When someone joins Google or Microsoft or Facebook, they say "I joined Google/Microsoft/Facebook". When they join Amazon, they say "I joined a FAANG company". It's amazingly how well it correlates.
Do you think that’s because Amazon is a lesser company?

I work at Amazon and I’m depressed as hell because of it - not because the work is bad, but because you people think people like me are subhuman. I’ve studied leetcode for years but apparently my IQ is just too low to get into a better company - what should I do? Is my career over, or should I just accept being considered a subhuman for the rest of my life?

I don't work at Amazon and never have, so take my opinions with a grain of salt. I have worked at multiple other "FAANG"-caliber organizations, so add a few more grains.

Let's start with the obvious: "FAANG" was a term coined by financial types, not technical types, based on stock valuations rather than any particular technical merits. Exactly what companies are in it are controversial - Microsoft has the pedigree and the culture, they just didn't have the stock price (at that time). Netflix hires smart people but has never been in the same league as the rest in my personal opinion - they're too small and they have only one product.

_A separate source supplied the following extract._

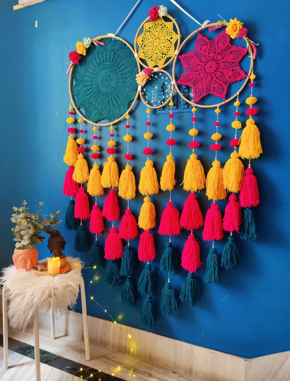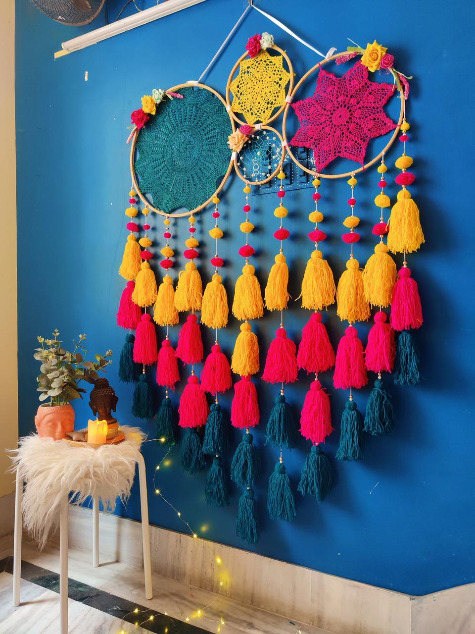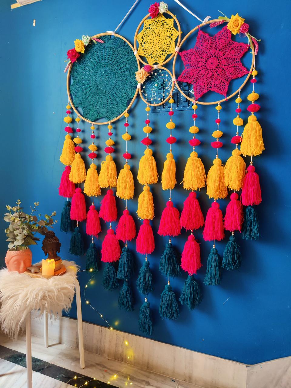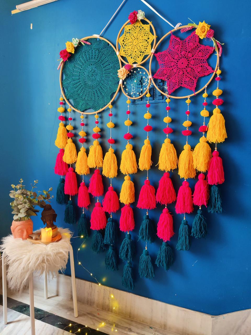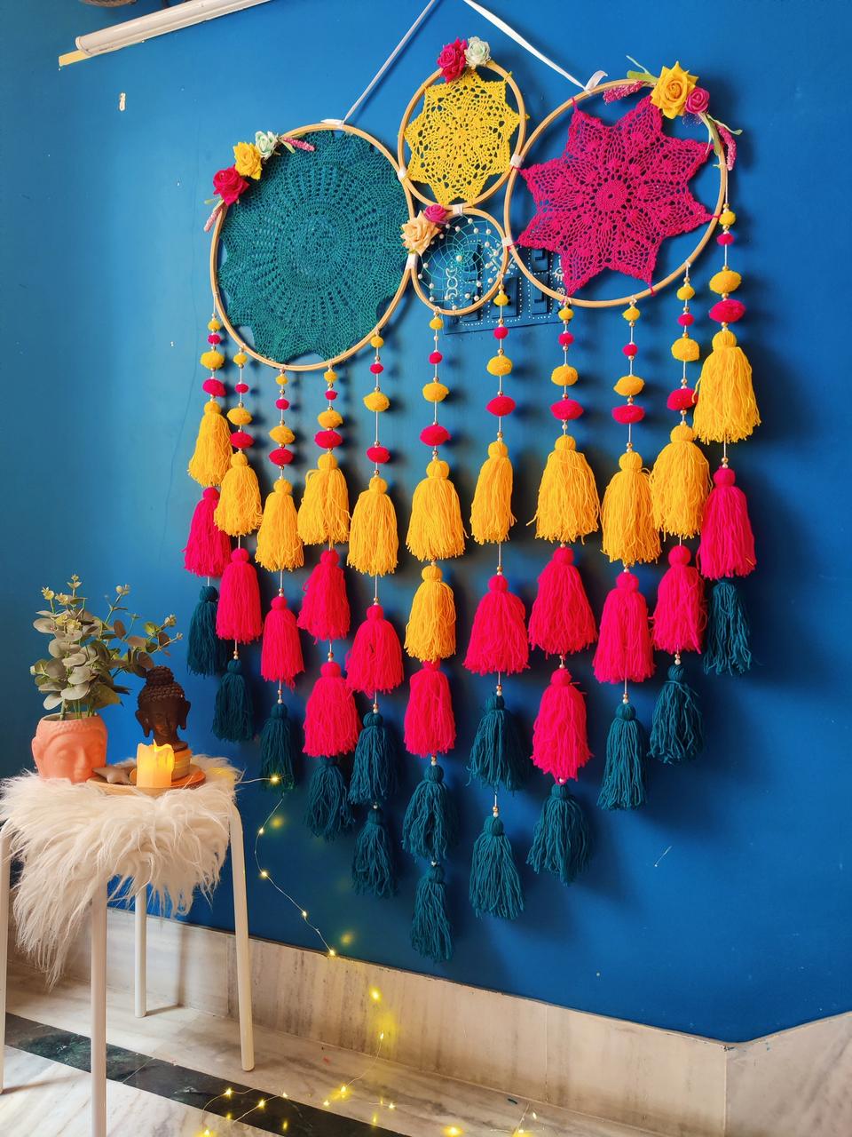• Note- crochets design may or may not be same. Tassels and pompoms are movable. You are move them up and down as per your likings once you get it.

Now, back to your question. If I had to guess, it's primarily about stigma. If I was working at Amazon, I would be fully aware of their reputation for abusive employee treatment, grinding fresh college graduates into a burnt out pulp faster than their RSUs can vest, poor work life balance, and so on. I'd be tired of answering the same questions about all of the above. I'd be aware that everyone already has their opinions about Amazon, that what I say isn't going to change much, and would probably deflect in the hope of getting interesting responses before everyone inevitably notices that my question lines up with all the feedback they've heard from their former-Amazon friends about the sad state of the internal tech stack, the working conditions, etc.

Basically, all of this seems to wind down into the fact that Amazon engineers are lesser and less worthy than everyone else and that even Amazon engineers know about this.

Why the hell should I even continue if that's the case? I make a pittance and everyone in society thinks of me as a untermensch.

Hold up.

Let's keep it in perspective here. "Worthy" of what? Dignity? Respect? Every human is worthy of those things.

I don't work FAANG, never even gotten a callback interview. I am a decent software engineer at a small company. I do pretty boring things, in pretty boring tech. I don't even understand how our k8s deploy works. I have to imagine your "pittance" of a salary at Amazon is higher than mine.

But none of that is embarrassing to me. It's just a job. It's not something that defines who I am. I clock out at my 8 hour mark and I go do things I love with people I love.

Comparison is the thief of joy. You aren't measured against anyone else, least of all other FAANG employees here showing off the best side of themselves. Be proud of yourself, and don't let your job define you. You are worth more as a human than your job title, and certainly the company you work for.

I don't know that you should continue since it is severely affecting you but I doubt that focusing on other people's tier rankings of Amazon engs is healthy or beneficial in any way. A lot of people overdo the whole "don't listen to what other people say" (external judgments can be valuable & insightful), but naturally it's possible to overdo the opposite.

AFAICT, Amazon has a terrible reputation because they are abusive and are known to hire-to-fire. If you don't feel abused and you've stuck around long enough to be confident that you weren't just hired to fill a firing quota, then these criticisms don't really apply.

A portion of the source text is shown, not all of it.